L'intérêt général économique , entendu comme la contribution au développement économique, ne suffit pas ; l'activité doit satisfaire des objectifs de service public .
Des critères précis doivent être réunis qu'on peut présenter ainsi pour ce qui est du secteur des télécommunications :
- l'existence d'un acte de la puissance publique confiant aux opérateurs une mission de SIEG ;
- la dimension universelle et obligatoire de cette mission qui implique que tous les utilisateurs d'une zone déterminée soient bénéficiaires et que le service soit rendu de manière discrétionnaire et non discriminatoire.
La commission exige encore :
- que l'insuffisance du marché aboutisse à une privation durable d'accès pour une partie importante de la population ;
- que les impacts de l'intervention publique sur le marché soient les plus réduits possibles et que le réseau aidé soit ouvert et rendu disponible à l'ensemble des opérateurs intéressés .
Cette ouverture implique des obligations précises :
- la fourniture d'une infrastructure passive, neutre et librement accessible ;
- la fourniture de toutes les formes possibles d'accès au réseau permettant d'assurer in fine une concurrence effective, via des offres de gros, sur le marché de détail ;
- que la mission du SIEG n'inclut pas directement des services de communication de détail ;
- lorsque le fournisseur du SIEG est également un opérateur haut débit verticalement intégré, l'existence de garde-fous appropriés pour éviter tout conflit d'intérêt, toute discrimination indue et tout autre avantage indirect caché ;
- en tout état de cause, l'absence de droit exclusif ou spécial propres au fournisseur du SIEG .

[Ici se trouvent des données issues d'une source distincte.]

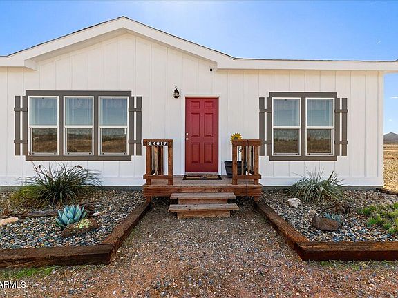 This beautiful home offers a welcoming country feel with many upgrades throughout. Situated on nearly two acres, it's move-in ready and perfect for comfortable living. Interior features include custom alder cabinets, a mix of vinyl, tile, and carpet flooring, and efficient heating and cooling. The exterior features durable Hardy board siding, a private back deck with beautiful views, and a fun fire pit area ideal for gatherings. Outside, you'll also find a lovely yard, an adorable chicken coop, a dog run, and plenty of space for family, pets, and outdoor enjoyment. Mostly fenced and ready for you to make it your home! The solar is with APS they credit $50.00 per month if you want to keep it.

La Commission précise encore que les projets s'inscrivant dans le cadre d'un SIEG couvrant des zones non rentables ne peuvent empiéter sur les zones rentables qu'à certaines conditions :
- la compensation éventuelle ne devrait couvrir que les coûts de déploiement de l'infrastructure déployée dans les zones non rentables ;
- si le réseau est déployé via une infrastructure qui n'appartient pas aux autorités publiques, il convient de mettre en place des mécanismes de contrôle et de récupération afin d' éviter que le fournisseur du SIEG n'obtienne un avantage indu en conservant, à l'expiration de la délégation du SIEG, la propriété du réseau financé à l'aide de ressources publiques ;
- l'appel d'offres initial doit imposer aux candidats de définir les zones rentables et non rentables, d'estimer les recettes attendues et de demander le montant de la compensation qu'ils estiment être strictement nécessaires.
* 10 On pourrait considérer que le cloisonnement assez marqué des marchés des infrastructures du numérique fixe pourrait soustraire ses investissements à l'application d'un dispositif qui n'est justifié que pour autant que les échanges entre États membres sont en cause. Mais l'interprétation du dispositif européen lui confère une portée très large qui condamne une interprétation susceptible d'assurer aux États de plus importantes marges de manoeuvre.